D espite the array of programs developed since the 1960s to help the inner city, federal policy has largely failed to devise a strategy that both helps poor people and poor places. Urban renewal in the 1950s "revived" slum neighborhoods with bulldozers, transforming them into upscale apartment complexes. Likewise in the 1980s, shopping centers like Boston's Quincy Market and the Gallery in Philadelphia may have created a downtown retail renaissance -- but not an economic revival of poor neighborhoods for the people who live in them.
Not surprisingly, one response to this failure has been to abandon the idea of rehabilitating inner cities. In a New York Times Magazine cover story, "The Myth of Community Development," published last January, Nicholas Lemann, author of The Promised Land, suggested that rather than attempting yet again to uplift ghetto neighborhoods, risking another cycle of failure and public cynicism, government should concentrate on improving the standard of living of the poor."Attempts at economic revitalization often take the place of other efforts that would do much more good," Lemann wrote. Instead, he said, government should "simply to provide for poor people's material needs, through cash grants, vouchers like food stamps and services like Medicaid." (See "Lemann Aid," page 84.)
Must we really give up on poor communities in order to help poor people? Is it realistic to urge, as Lemann does, that we "simply provide for poor people's material needs?" If there is one policy less popular with middle class voters than urban economic development, it is a policy of handouts.
We cannot simply write off poor communities, and we shouldn't when there are reasons for cautious optimism. Despite a climate of fiscal scarcity, the Clinton administration's brand of community development could actually succeed where past efforts failed.
The context for Lemann's critique was the Clinton administration's urban initiative, known as Empowerment Zones. While its funding is anemic, the approach is encouraging, for the program could at last bring coherence to policies of economic uplift for inner-city neighborhoods.
C ommunity redevelopment as it now exists is a bureaucratic nightmare. Federal agencies administering programs for the poor work in near-total isolation from one another. The Department of Housing and Urban Development (HUD) sponsors such programs as the Community Development Block Grant (CDBG), housing subsidies, and aid to the homeless. Three other cabinet agencies -- the departments of Labor, Education, and Health and Human Services -- help poor people enter the labor market by training them, educating their children, and strengthening their families. The Small Business Administration and targeted minority business programs run by the Commerce Department -- marginalized during the Reagan/Bush years -- have yet to make a real comeback under Clinton.
Because these agencies rarely work together, their programs cannot reinforce one another.

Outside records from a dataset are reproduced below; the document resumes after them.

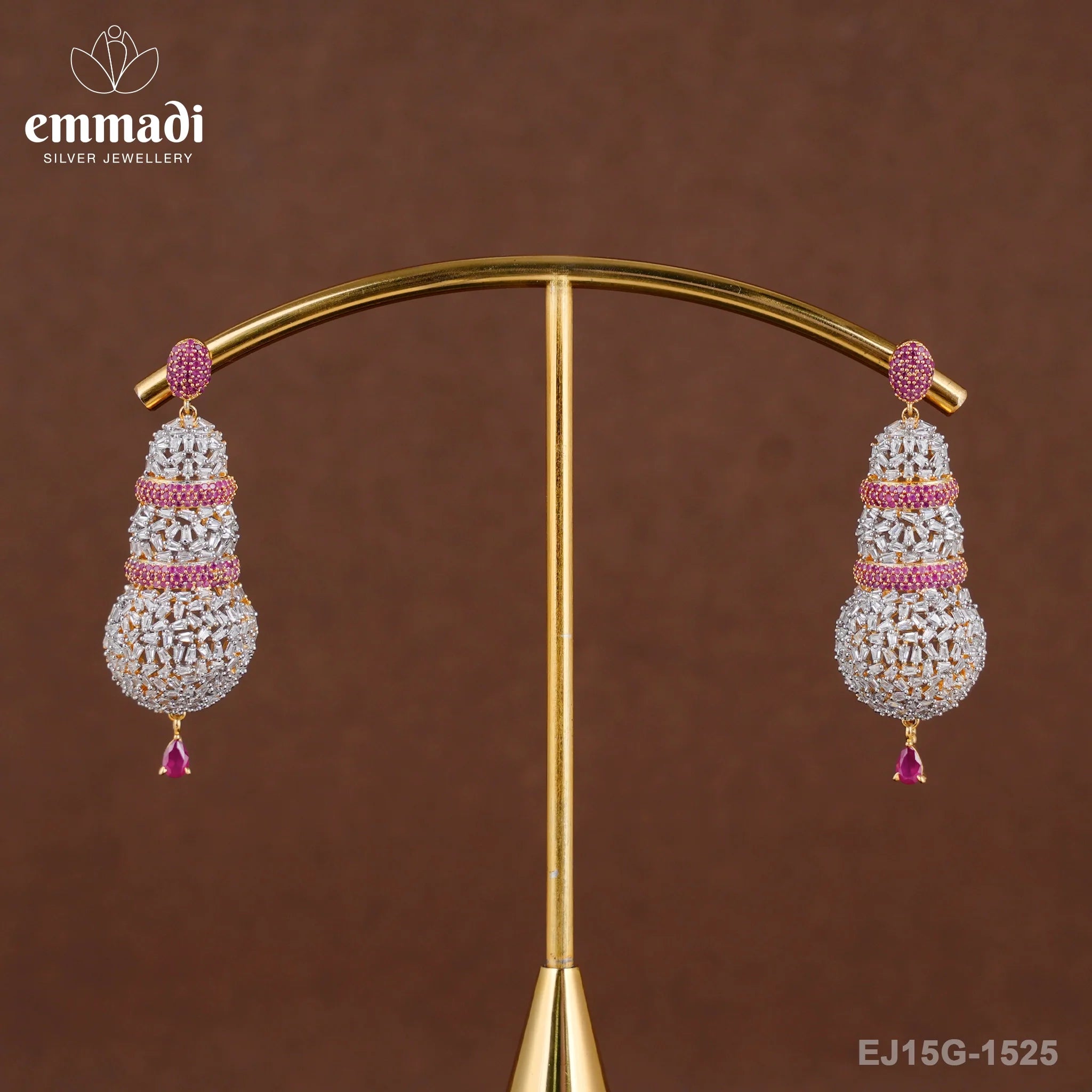 Introducing the exquisite Kalyani Premium CZ Pink Hangings, crafted by Emmadi Silver Jeweller, India's largest silver brand. Elevate your style with these dazzling earrings, designed to add a touch of luxury to any ensemble. Shine bright like a diamond with these stunning pink CZ hangings, a perfect blend of sophistication and elegance. Embrace the glamour and sparkle with Kalyani Premium CZ Pink Hangings.
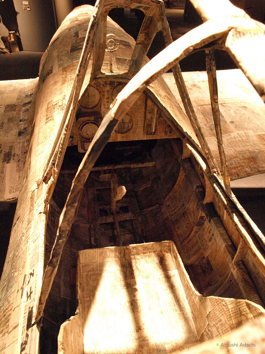 素材:戦中新聞(コピー)、段ボール、角材、水彩絵具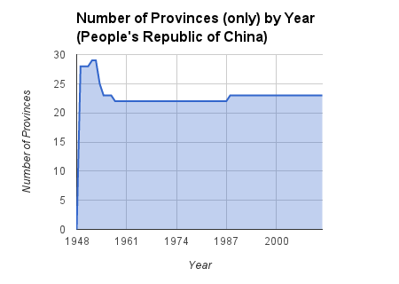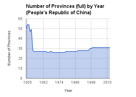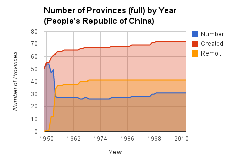 This might make things look as if not much goes on in terms of China adding/removing provinces, but things couldn’t be further from the truth. In fact, a ton of shuffling has gone on over the last half century.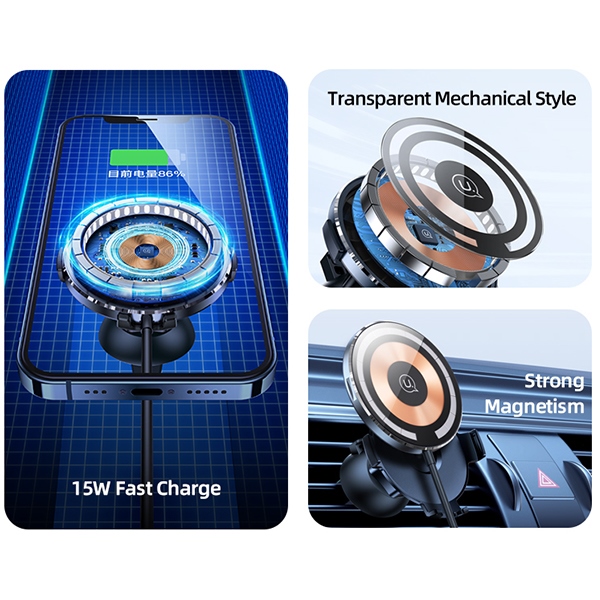 Az USAMS US-CD164 nem csupán funkcionális, hanem lenyűgöző megjelenésű is. Az átlátszó mechanikus stílus bepillantást enged a 9 mm-es réz tekercsbe, amely stabil energiaátvitelt biztosít a készülékhez. Az edzett üveg borítás és az alumíniumötvözet test nem csak a tartósságot garantálja, hanem modern és futurisztikus megjelenést is kölcsönöz. A 16 erős mágnes szilárdan a helyén tartja telefonját, megakadályozva annak elmozdulását menet közben, így nyugodtan koncentrálhat a vezetésre.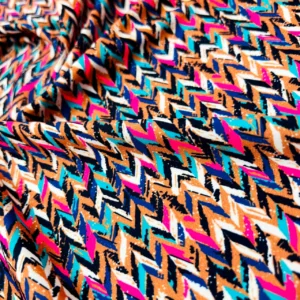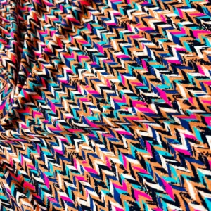 Colored Zig Zag Print Nylon Spandex Fabric 4 Way Stretch By Yard for swimwear dancewear gymwear sportwear dress skirt (239-11)

Some residents receive fragmented subsidies, but the ghetto remains a ghetto: beset by dilapidated housing, high crime, and a population unprepared for the jobs in today's labor market that would pay a living wage.
A Philadelphia Story
I speak from personal experience. From 1987 to 1992, as Philadelphia's director of Housing and Community Development, I administered the Community Development Block Grant and the various housing programs associated with it. During this period, our office oversaw the rehabilitation of roughly 4,000 homes and apartments for the poor, mostly in inner-city neighborhoods. These projects attracted more than $95 million in financing that represented the biggest infusion of private capital in these neighborhoods from any source.
But since funds from the federal government for job training were routed through the state government to the Philadelphia Private Industry Council (PIC), and most social service funds went directly to private non-profit agencies, coordination was impossible. Nor was it possible to integrate even the limited business services provided by the Commerce Department under the Bush administration into community development initiatives that we supported with block grants. Even our efforts simply to inform citizens about other programs were frustrated: when we started providing information about job training, the Inspector General from HUD chastised us for creating a "duplication of services."

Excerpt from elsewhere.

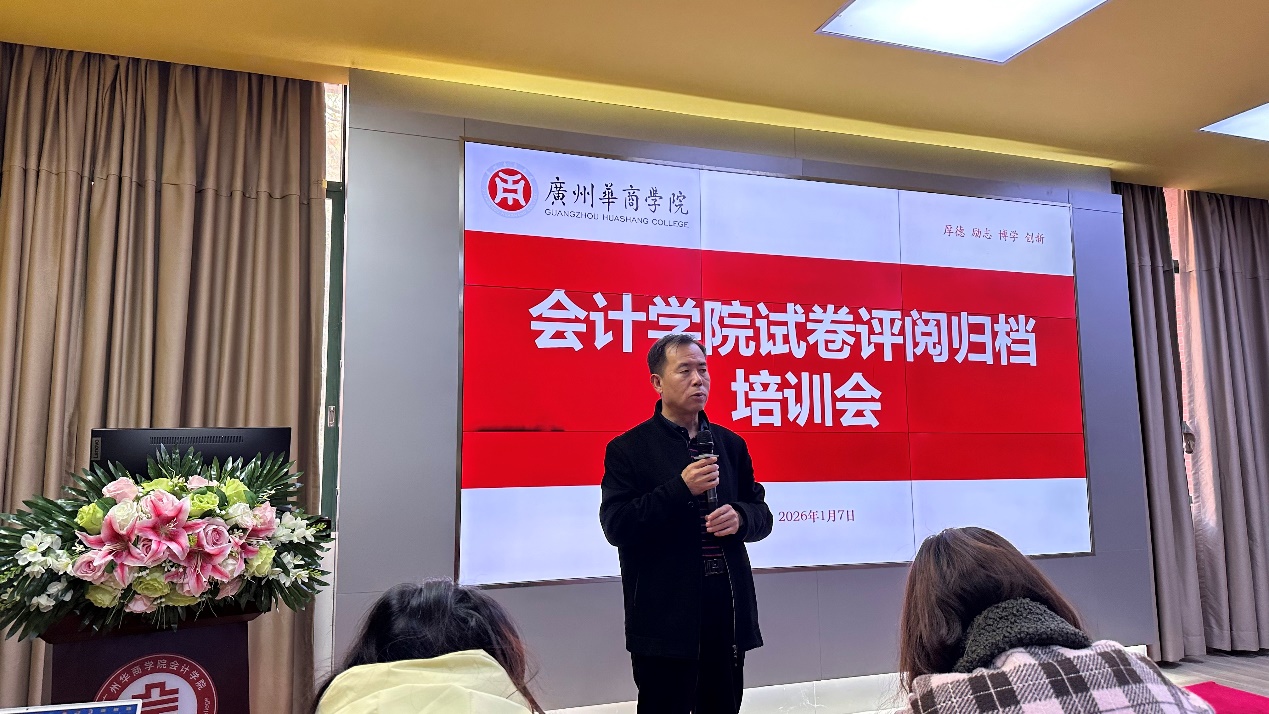 为规范教师阅卷工作,确保阅卷工作公开、高效,进一步提升试卷质量和教学管理的规范性,按照学校工作部署,2026年1月7日下午,bv伟德国际1946在学院报告厅召开了本学期期末集中阅卷归档培训会。学院领导、各系主任及全体专任教师参加了此次会议。主管教学工作副院长杨旻教授主持了会议。

Instead of leading to consolidation and coherence, scarcity of funds paradoxically has created more duplication. When the federal government scaled back its poverty programs in the Reagan era, local agencies began poaching on each other's turf. For example, as city agencies working to promote industrial and commercial development saw their funds dry up, they sought out the next available resource: the community development block grants that community development corporations and housing agencies like mine relied on. The sad result of this was constant conflict among agencies purportedly working toward the same general goal.

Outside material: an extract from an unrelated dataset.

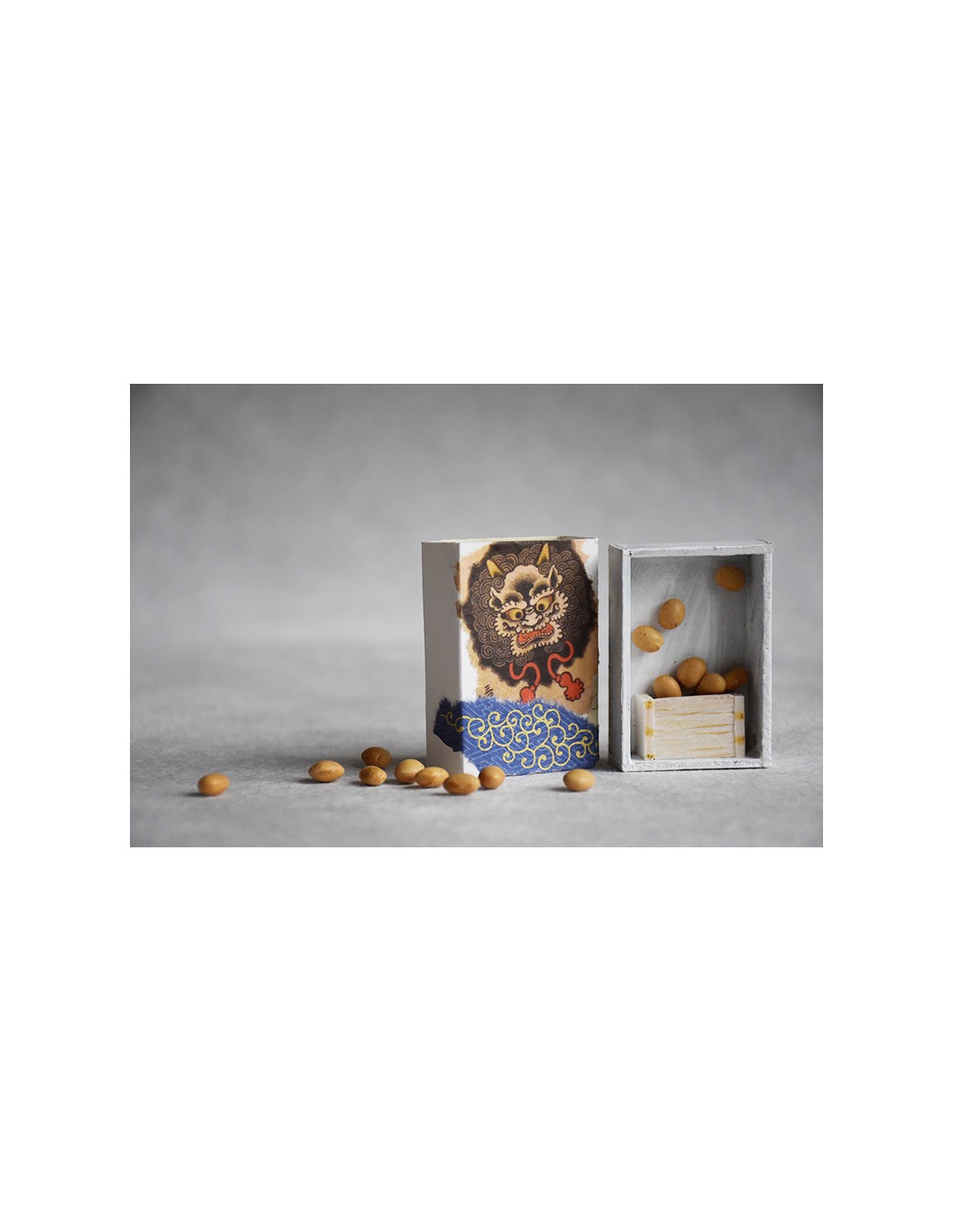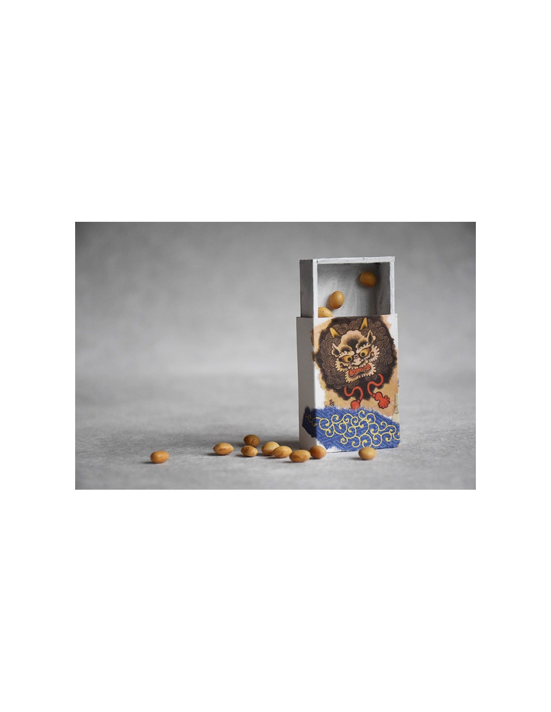 Piccola scatola, della dimensione di una scatola di fiammiferi, realizzata a mano per celebrare Setubun

The result has been lost opportunity in every direction. Consider the following situation that developed between Philadelphia's Office of Housing and Community Development (OHCD) and our Private Industry Council over the past year. A major goal of the city's housing programs has been to encourage contractors to hire local residents in neighborhood rehabilitation projects. In response, the contractors complain that they can't find qualified people to do the work. So last year, OHCD made $300,000 available to the PIC to establish a special training program to produce a pool of qualified neighborhood workers.
One year later, the funds remained unused. The PIC had so many problems in managing its primary programs under the Job Training Partnership Act and the Family Assistance Act that it could muster neither the time nor the energy to fashion a new initiative built around an entirely different set of federal guidelines. OHCD has now retrieved its $300,000 and is fashioning a training program of its own. Situations like this are the rule, not the exception. There are few cities in the entire country where the Community Development and Job Training offices even talk to one another, let alone work together. Since there is little coordination among diverse agencies in Washington, there is almost no relationship between them at the local level.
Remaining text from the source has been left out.